TinyML Bird Detector on ESP32

‍

From gigabytes of bird songs to a 60 kB model that runs on an ESP32

‍

Introduction

In recent years, artificial intelligence in microcontrollers (TinyML) has gone from being a laboratory curiosity to becoming a real tool for environmental monitoring, health, and industrial automation. This article shows how we transformed gigabytes of raw audio—the songs of six Patagonian species—into a fully INT8-quantized model that takes up just 60 kB of Flash and takes less than a second to classify a clip on an ESP32.

‍

1. Why AI on the edge?

1. Latency & autonomy: Detecting a song or other key sound in < 1s allows for local action (activating a relay, turning on a LoRaWAN beacon).

2. Energy cost: Processing locally avoids transmitting complete spectrograms; we send only the tag and a score → fewer bytes, more battery life.

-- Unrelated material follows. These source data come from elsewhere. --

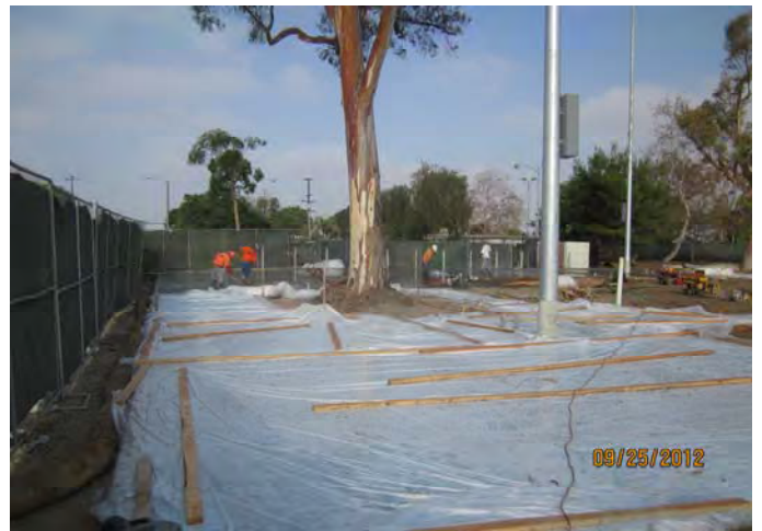
Poured Concrete (Southwest Corner of Field)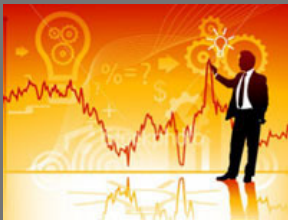
Nifty Premium Pack Service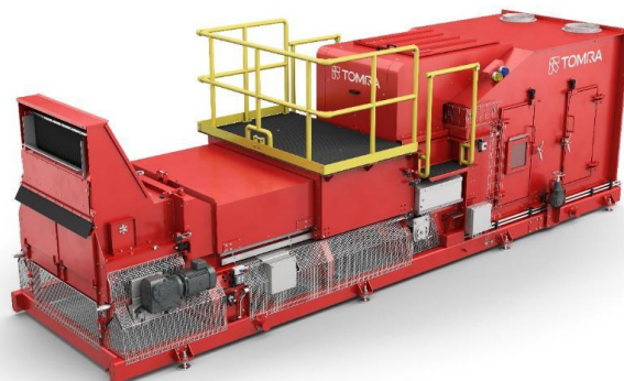
Figure 2: TOMRA COM 1200 XRT 2.0

TOMRA estimates that for a throughput of 1 million tonnes of feed ore and ~500kt/year of pre-concentrate, two XRT units (Figure 2) would be required.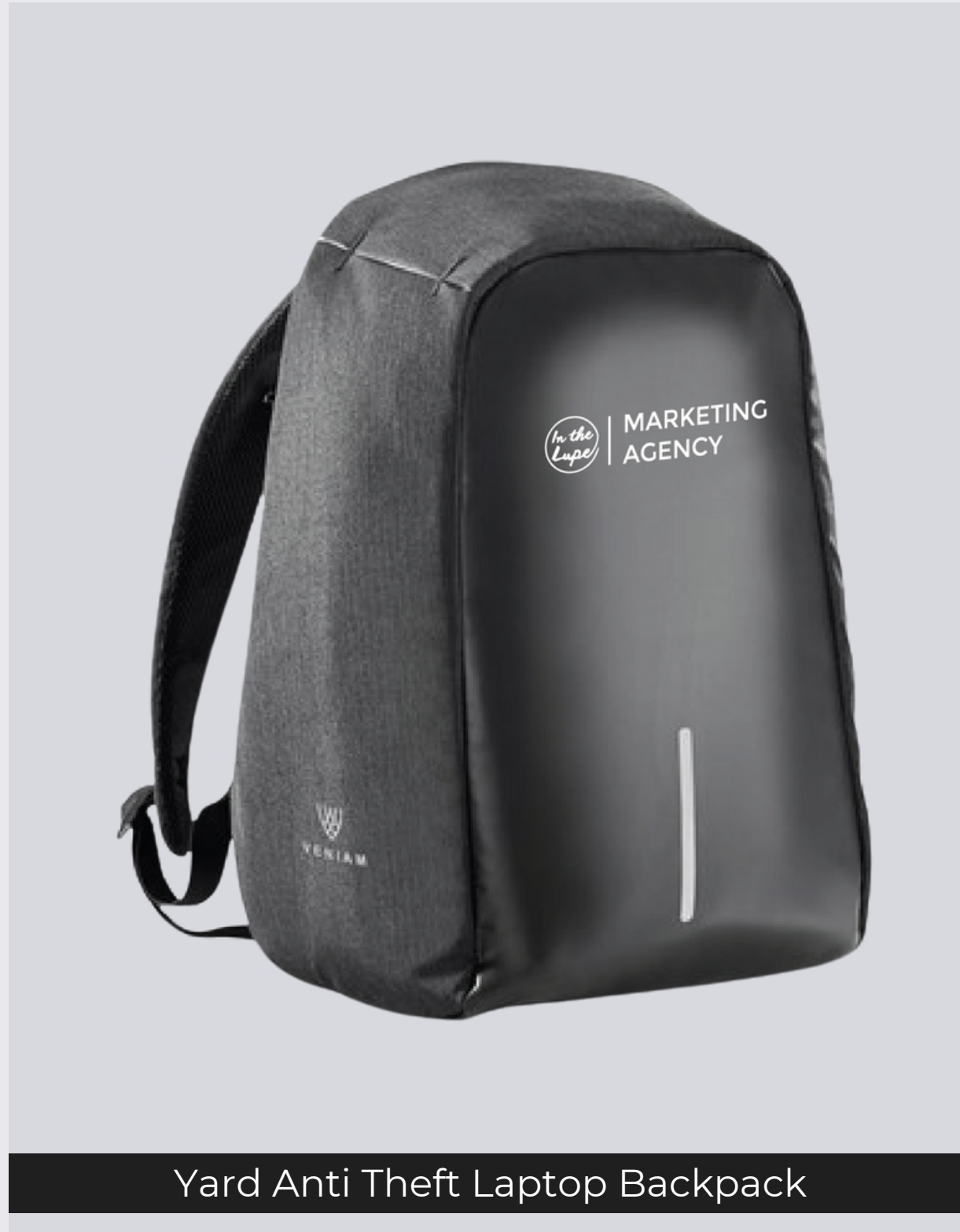
Yard Anti Theft Laptop Backpack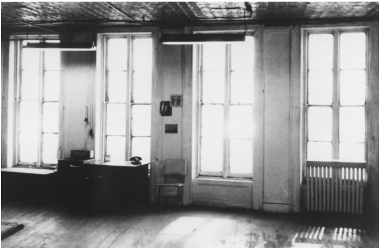
Still from Wavelength by Michael Snow 1967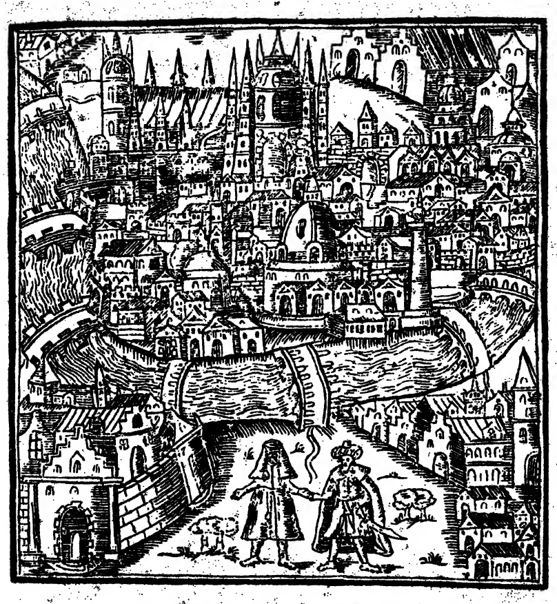
The Modell of the Great City of Fez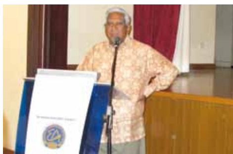
President Nathan recalls his times with Eurasians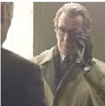
Garry Oldman, the new Smiley in Tinker, Tailor, Soldier, Spy

with a varied program of films each Wednesday night. See the web for the most up to date details. Recently we have enjoyed the latest 'Tinker, Tailor, Soldier, Spy' film and, for the kids, 'Horrid Henry'.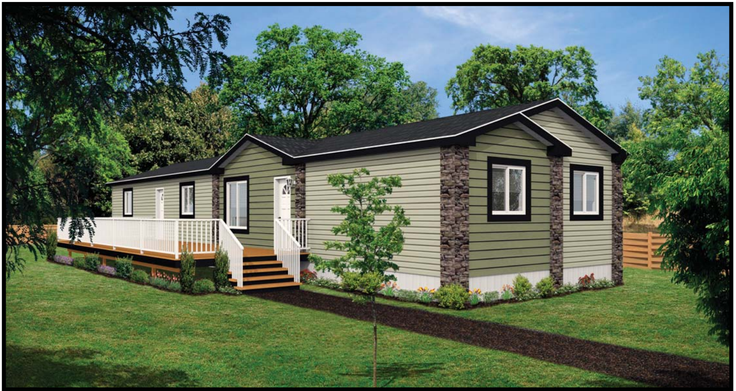
CJN 3005 20' x 76' 1,520 sq. ft.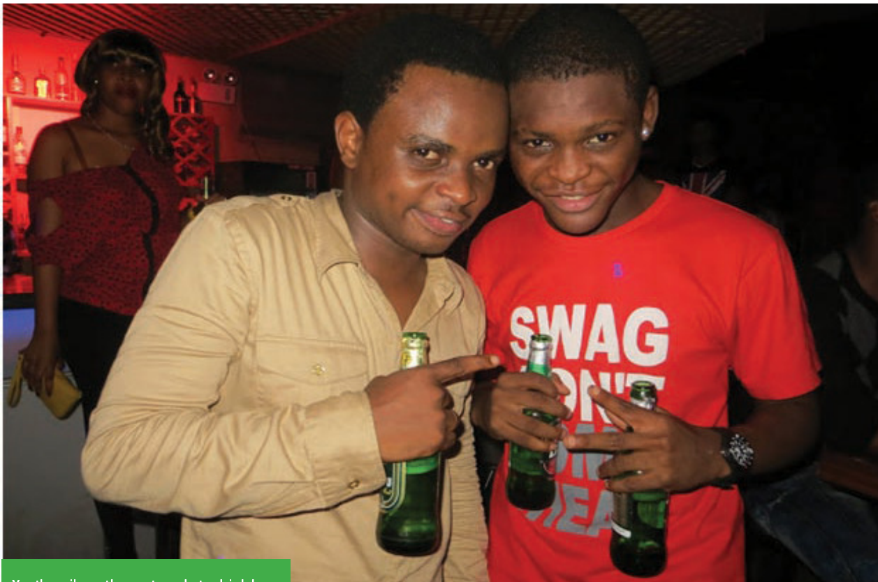
Youth smile as they get ready to drink beer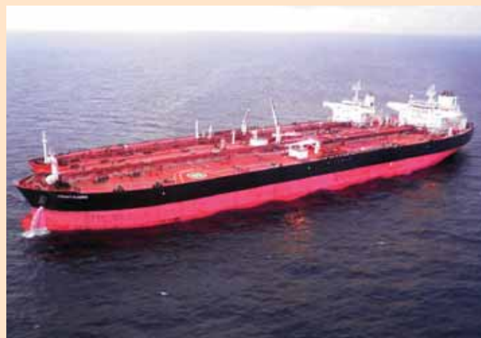
▲ M/T Front Njord engaged in Ship to Ship Transfer at the Southwest Pass STS Area Off New Orleans, Louisiana USA

It was also quite an experience to see things, which were till now on a page, in a book, one could fit in a bag, to stand out in front of you. Big enough for me to have reality checks on a regular basis to fathom the size and scale of the enormity of everything onboard, right from the engine to the generators, the boilers or the sea water pumps.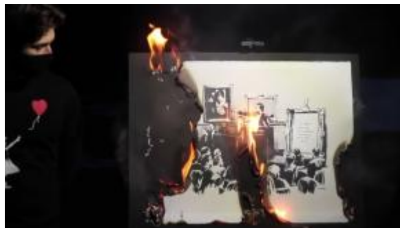
Fig. 4: The “Moron” was burnt in a video livestreamed from a park in New York

continuation of colonial narratives (as mentioned earlier, colonialism is an inevitable result of capitalist development).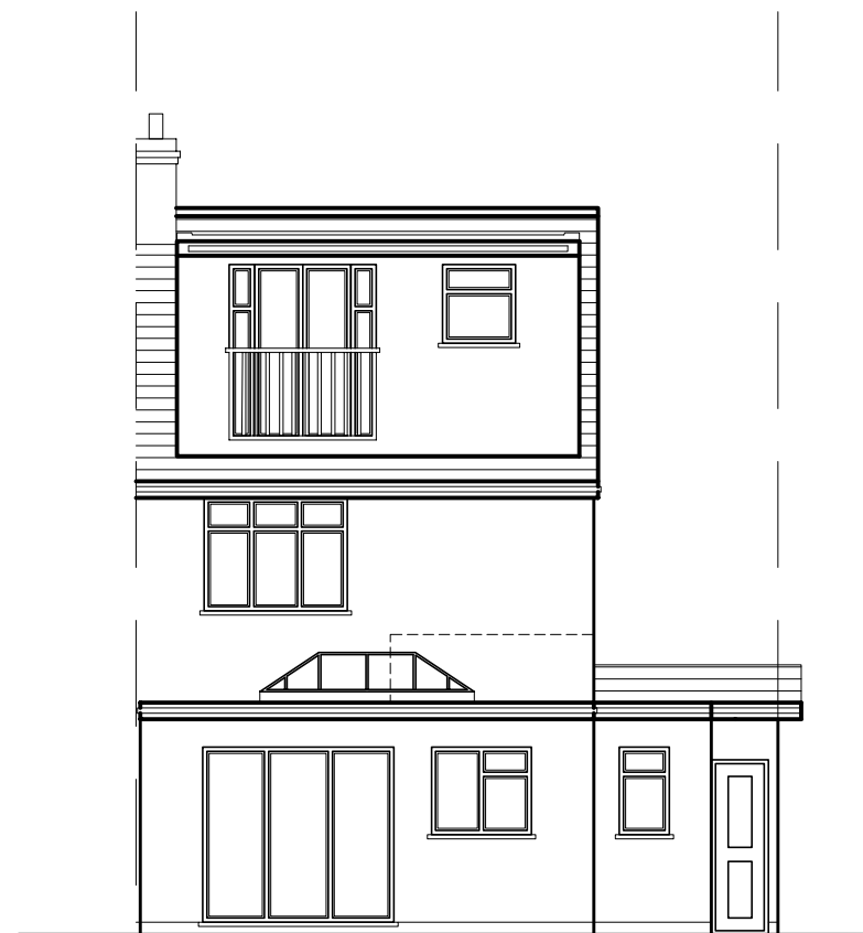
PREVIOUSLY APPROVED REAR ELEVATION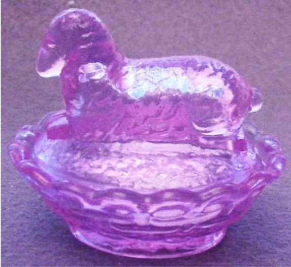
BOYD COVERED LAMB SALT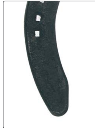
HIND INSIDE HEAL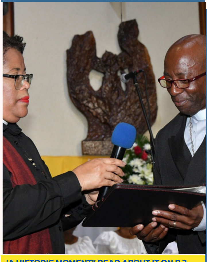
'A HISTORIC MOMENT!' READ ABOUT IT ON P.2

THE OFFICIAL WEEKLY NEWSLETTER OF THE UNITED CHURCH IN JAMAICA AND THE CAYMAN ISLANDS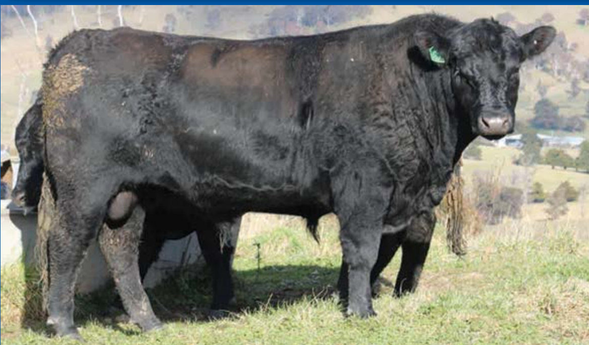
LOT 52 Wakefield Primequarter ANN R460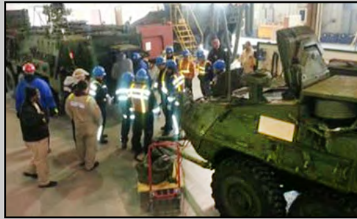
403rd Army Field Support Brigade's APS-4 receives first Strykers SPECIAL AFN REPORT FROM KOREA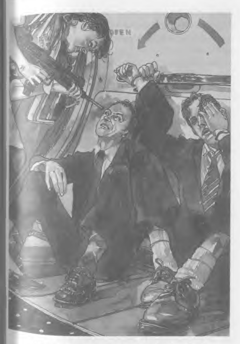
'I want your government to set our brothers free.'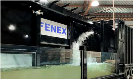
Filling Custom-Built Test Rig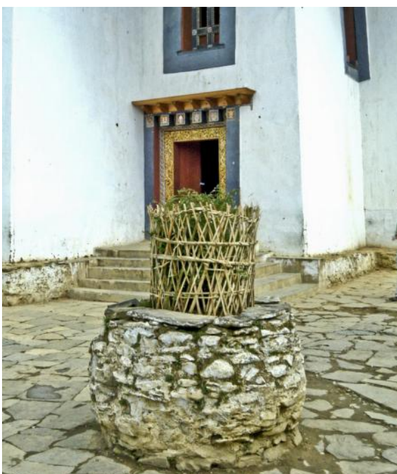
Protection for a young tree peony at a Bhutanese monastery

I recommend two websites: The Canadian Peony Society http://www.peony.ca/ and Ferncliff Gardens, where I have purchased very good plants, http://www.ferncliffgardens.com/Peonies.php ♪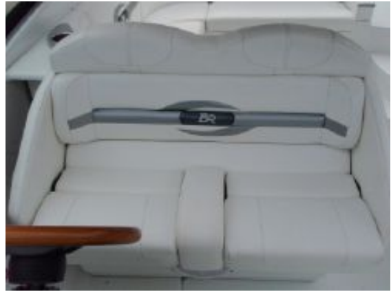
> Captains Seat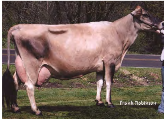
WOODSTOCK DUNCAN TINA (5), E-95% SIXTH DAM OF LOT 2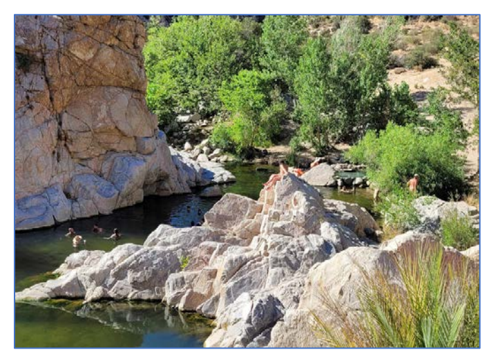
The trek to Deep Creek Hot Springs was enjoyable

All campers and parents wrote on their evaluation forms that they would recommend the camp to other parents, and they all would love to come back next year.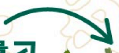
泰式炒貴刁 Pad Thai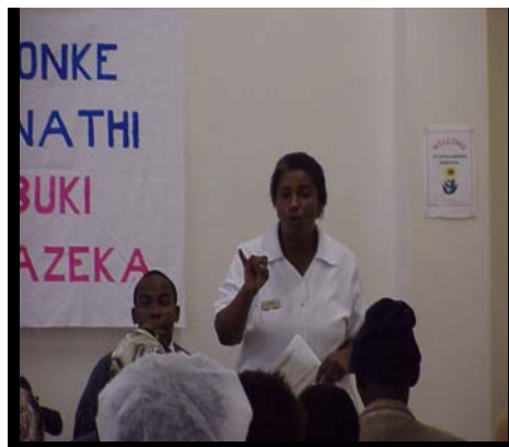
Ms.Sgwebelaa education Client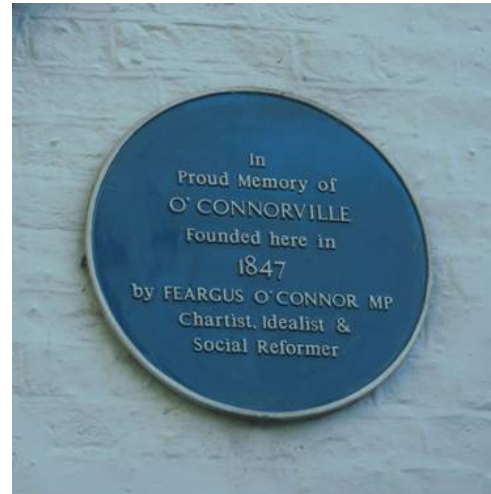
Plaque on Heronsgate Hall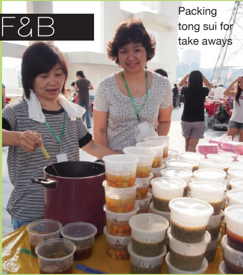
Packing tong sui for take aways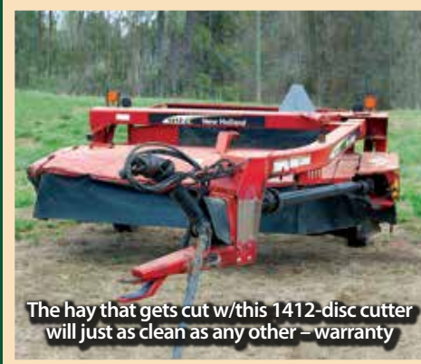
The hay that gets cut w/this 1412-disc cutter will just as clean as any other – warranty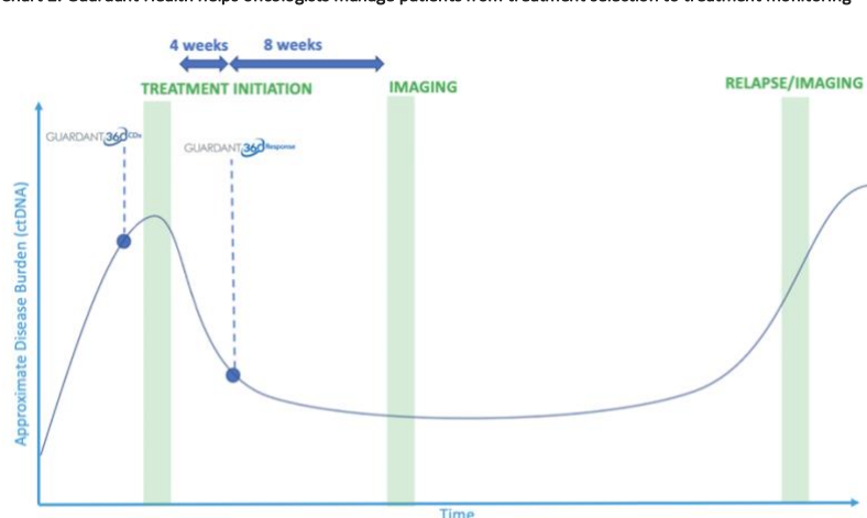
Chart 2: Guardant Health helps oncologists manage patients from treatment selection to treatment monitoring 1-10

With both commercially available tests, Guardant Health now offers an end-to-end solution that empowers oncologists with insights to help them make first- and second-line treatment decisions with the FDA-approved Guardant360 CDx test, and then monitor treatment response with the Guardant360 Response test.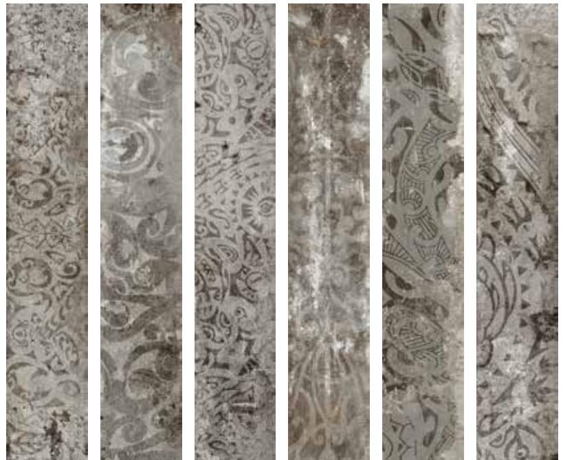
| 6 x 33 deco |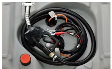
210 L with CENTRI SP30 12 V and CAS battery

without hinged lid: order no. 10978 with hinged lid: order no. 10981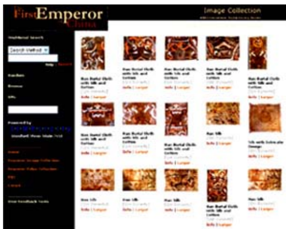
Fig. 4(left). Images of the same color, shape and pattern

On that screen, descriptive information of any chosen image can be provided if asked or several derivatives of the image can also zoomed as shown in Figure 5.

3. Remote coverage: An ESP32‑S3 + LoRa works where the cloud does not. Your proof of concept scales to hundreds of points

2. What are we working on?

• Taming an unbalanced dataset

The problem is the unbalanced ratio between recordings of the most abundant species and the rarest ones, where we have much more of the former and very little of the latter. If we train the model this way, it would learn to “play it safe”: it would mark almost everything as the dominant species and fail precisely when detecting rare songs. To level the playing field, we use controlled augmentation, generating synthetic examples—time-stretch, pitch-shift, and some pink noise—until each species has, for example, 500 clips. This way, the model receives the same number of examples per species, learns the characteristics of each song, and is not biased toward the most frequent birds.

• Using MFCC instead of a raw spectrogram

MFCCs (Mel Frequency Cepstral Coefficients) are a compact representation of a sound's spectrum that captures the acoustic characteristics as perceived by the human ear. MFCCs concentrate vocal energy into coefficients per frame, which reduces memory by a factor of 10 compared to a linear spectrogram. In addition, their 2-D format fits perfectly into lightweight 2-D CNN layers.‍

• In a minimalist 2-D CNN

Convolutional layers allow the model to perceive when a sound occurs and what tone it has; with only 17,000 internal weights, we achieved more than 95% accuracy in species identification, keeping the model light enough (60 kB of Flash) to run smoothly on TFLite-Micro on a microcontroller.

• Measuring on the microcontroller before claiming victory

Simulating on the PC can be misleading: the cache, effective RAM, and DMA of the ESP32 alter the times. That's why we measure the inference on the microcontroller itself and monitor the TFLite-Micro tensor arena—the reserved memory block where all the model's intermediate tensors are stored—to adjust latency and confirm that the solution fits smoothly into the available memory.

The pipeline allows you to easily change N_MFCC, HOP_LENGTH, N_MELS, frequency range, or even use linear spectrograms, and rebuilds the entire dataset.

4. Model comparison and selection guided by the pipeline

Our pipeline automates the entire experiment: it trains several architectures, generates metrics and graphs, and finally, with the results displayed, we can determine which models are worth porting to the microcontroller.

How does the flow work?

Trains + validates each model with early stopping and saves the best checkpoint.
Calculate complete metrics (AUC, F1, confusion matrix) and export them as PNG for quick inspection.
Record resources: estimate the final size in Flash/RAM and inference time.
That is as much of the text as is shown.